__Provided data__:

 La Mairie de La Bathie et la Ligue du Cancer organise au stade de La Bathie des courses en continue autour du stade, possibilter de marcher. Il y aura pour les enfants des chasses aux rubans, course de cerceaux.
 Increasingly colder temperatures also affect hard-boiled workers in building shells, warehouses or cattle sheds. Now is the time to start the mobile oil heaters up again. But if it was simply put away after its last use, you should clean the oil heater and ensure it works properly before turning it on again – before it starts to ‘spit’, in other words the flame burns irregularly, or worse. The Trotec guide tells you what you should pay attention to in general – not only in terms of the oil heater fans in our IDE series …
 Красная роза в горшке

* * *

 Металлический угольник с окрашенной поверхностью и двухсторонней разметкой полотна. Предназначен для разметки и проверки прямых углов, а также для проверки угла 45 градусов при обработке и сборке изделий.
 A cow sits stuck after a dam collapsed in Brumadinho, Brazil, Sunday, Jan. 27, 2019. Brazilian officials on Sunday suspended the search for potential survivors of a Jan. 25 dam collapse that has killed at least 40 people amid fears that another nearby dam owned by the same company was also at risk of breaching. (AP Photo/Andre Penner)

__Your assignment__: Write out only the lines that run from the line containing "Increasingly colder temperatures" through the line containing "Красная роза в горшке", both included, exactly as they appear above.

__Written solution__:
 Increasingly colder temperatures also affect hard-boiled workers in building shells, warehouses or cattle sheds. Now is the time to start the mobile oil heaters up again. But if it was simply put away after its last use, you should clean the oil heater and ensure it works properly before turning it on again – before it starts to ‘spit’, in other words the flame burns irregularly, or worse. The Trotec guide tells you what you should pay attention to in general – not only in terms of the oil heater fans in our IDE series …
 Красная роза в горшке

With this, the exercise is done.